EMERGENCY MEASURES TO COPE WITH THE CRISIS AT THE DIFFERENT LEVELS OF GOVERNMENT: As a response to the crisis, local tax relief and deferrals were implemented to help sustain companies. In May 2020, the central government adopted Law no. 553, which temporarily abolished the local land fees (including land tax and lease payments) and the property tax (different from respective land plots) between March and April 2020. These revenue losses for subnational governments were not compensated by the central government, which is contrary to Art. 142 of the Constitution, stipulating that losses of local self-government bodies resulting from the decisions of state authorities shall be compensated by the government. On the spending side, local councils were reluctant to adopt special funding programmes against COVID-19. These extraordinary expenditures (e.g. purchase of protective equipment, medicines) were mainly financed by the central government.

In March 2020, the Cabinet of Ministers adopted a resolution to provide UAH 1.75 billion to subnational governments for COVID-19 control measures.

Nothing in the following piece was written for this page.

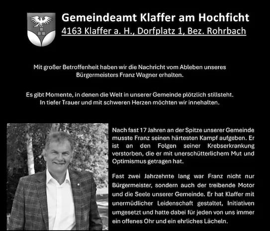 Es waren traurige Nachrichten, die die Gemeinde Klaffer am Hochficht Mitte April erreichten: Der Langzeit-Bürgermeister der oberösterreichischen Gemeinde, Franz Wagner, ist vor wenigen Tagen einer schweren Krebserkrankung erlegen. Zwei Chemotherapien verliefen leider erfolglos.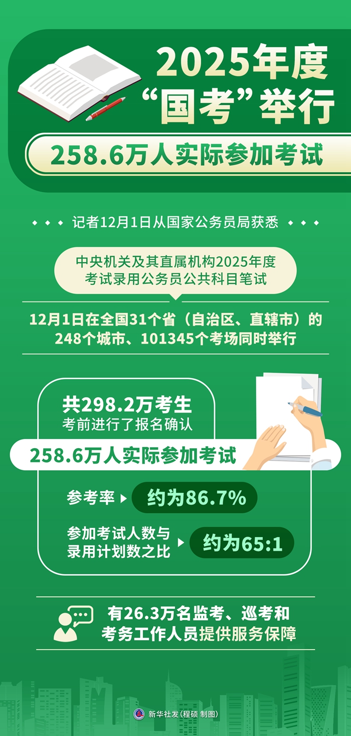 新華社北京12月1日電 記者1日從國家公務(wù)員局獲悉,中央機關(guān)及其直屬機構(gòu)2025年度考試錄用公務(wù)員公共科目筆試1日在全國31個?。ㄗ灾螀^(qū)、直轄市)的248個城市、101345個考場同時舉行,共298.2萬考生考前進行了報名確認、258.6萬人實際參加考試,參考率約為86.7%,參加考試人數(shù)與錄用計劃數(shù)之比約為65:1,有26.3萬名監(jiān)考、巡考和考務(wù)工作人員提供服務(wù)保障。

In April 2020, it amended the Law “On the State Budget of Ukraine for 2020”, which establishes the UAH 80.9 billion “Fund to fight COVID-19 and its consequences“. However, the largest share was used to finance non-pandemic related items (i.e. the construction and repair of roads) and an audit revealed weak allocation planning and several breaches in tender rules.

IMPACTS OF THE CRISIS ON SUBNATIONAL GOVERNMENT FINANCE: The pandemic sharply decreased Ukrainian subnational revenue between 2019 and 2020 (23.6%), which reflects a drop in grants and subsidies (-43.7%), followed by a decline in fees and revenue from assets. This resulted from the quarantine and restrictive measures implemented in 2020. By contrast, subnational tax revenue was more resilient due to robust PIT and solid property tax, the latter being less dependent on the economic cycle. The robustness of the PIT, despite adverse economic conditions, relied on the increase of the average minimum wage (by 15%) and of the average wage (10%) between 2019 and 2020.

On the expenditure side, overall subnational spending decreased in 2020. This resulted from the closure of facilities and the cancellation of events during quarantine. It also resulted from the recent amendments in the financing models of social protection and healthcare (see above), which compensated for the one-off spending items linked to the crisis. The pandemic also changed the structure of subnational expenditure in 2020, with an increased share of salary expenditure in the public sector and a reduced portion of goods and services.

Subnational debt increased in 2020 as a result of higher local deficits. The high percentage change of debt between 2019 and 2020 (almost 60%) is also explained by the initial low level of debt at the subnational level, as well as inflation. This growth was financed by loans and additional issuance of bonds. However, the share of subnational debt in total public debt decreased due to higher level of public debt to finance the pandemic.

ECONOMIC AND SOCIAL STIMULUS PLANS: The ”Ukraine National Economic Strategy 2030” has several priorities: (i) increasing investment, (ii) developing PPPs, (iii) modernising and transforming coal regions, and (iv) improving digitalisation as a means of fighting corruption. In addition to this national plan, the country signed a Stand-By Agreement with the IMF in June 2020 in order to help subnational governments address the effects of the pandemic and to help sustain their recovery. The IMF approved a USD 700 million disbursement of the agreement in November 2021 and its extension to June 2022. The IMF reforms notably include fiscal consolidation and tax reforms, a better regulatory framework for private investment and improvement in the governance of state-owned enterprises (SOEs). The World Bank also provided USD 2.3 billion to support public budget and investment projects during the pandemic. A first EUR 350 million Development Policy Loan (DPL) was approved in June 2020 to support a land reform and promote public investment in land. A second USD 300 million DPL was approved in June 2020 to further mitigate the consequences of the crisis.